For now, we’re not sure. Around 1% of stars host hot Jupiters, but most of the known hot Jupiters are hundreds of times older than CI Tau. Since as far as we know, planets can’t form before the star does, how can astronomers explain what happened in this system?

“It is currently impossible to say whether the extreme planetary architecture seen in CI Tau is common in hot Jupiter systems because the way that these sibling planets were detected – through their effect on the protoplanetary disc – would not work in older systems which no longer have a protoplanetary disc,” said Professor Cathie Clarke from Cambridge’s Institute of Astronomy, the study’s first author.

There are enough questions here to keep a team of astronomers busy for their entire careers.
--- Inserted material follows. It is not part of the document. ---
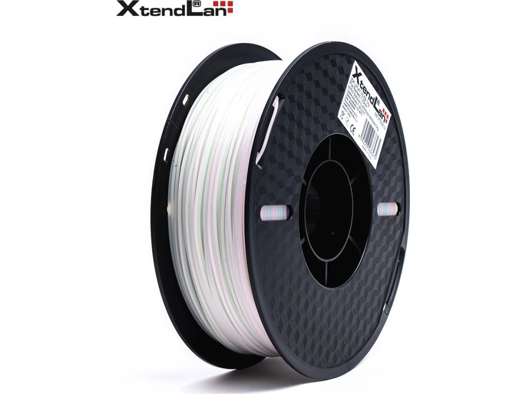 XtendLan PLA filament 1,75 mm svítící duhový 1 kgPlastové vlákno (filament) pro 3D tisk, v návinu na cívce. PLA (PoLylactic Acid, kyselina polymléčná) je nejpopulárnější 3D tiskový materiál. Především se při jeho tisku neuvolňuje nepříjemný zápach a není problémem tisk na neohřívanou podložku. Je rozměrově stabilní s velmi malým tepelným smrštěním a je vhodný pro tisk i velkých objektů. Jde o biologicky odbouratelný materiál. Není vhodný do vlhkého prostředí. Při 3D tisku má velmi vhodnou přilnavost k podložce - nepotřebuje, aby podložka byla ohřívána a zároveň lze výrobek snadno z podložky sejmout. Vytištěný předmět lze ručně brousit a lakovat. Filament je chráněný vakuovým balením a v každém balení je přítomen vysoušecí sáček, který zabraňuje případnému působení vlhkosti na materiál. Dodáváno v kartónovém obalu s okénkem pro kontrolu barevnosti.

According to the researchers, it’s unclear what role, if any, the sibling planets played in driving the innermost planet into its ultra-close orbit. It’s also unclear if whatever mechanism might be at play in this system is the same mechanism that makes hot Jupiters in general. And a further mystery is how the outer two planets formed at all.

Three of the dishes that make up the Atacama Large Millimeter/submillimter Array (ALMA). Image Credit: H. Calderón – ALMA (ESO/NRAO/NAOJ)

“Planet formation models tend to focus on being able to make the types of planets that have been observed already, so new discoveries don’t necessarily fit the models,” said Clarke. “Saturn mass planets are supposed to form by first accumulating a solid core and then pulling in a layer of gas on top, but these processes are supposed to be very slow at large distances from the star. Most models will struggle to make planets of this mass at this distance.”

This, of course, is what makes science so compelling and effective. Astronomers observe something and create a model to explain it. Then they keep observing, and some discoveries reinforce the model, while some challenge it. So the model keeps getting updated and over time realistically represents a larger and larger sample of observations.

Astronomers will keep studying this system to try to unravel some of these mysteries. ALMA has revolutionized the study of protoplanetary discs, and future work will no doubt lean heavily on ALMA again. It has the power to image planets forming inside protoplanetary discs, which are dim, poorly lit places that are very difficult to see into.

Be prepared to be surprised by what ALMA sees. Again.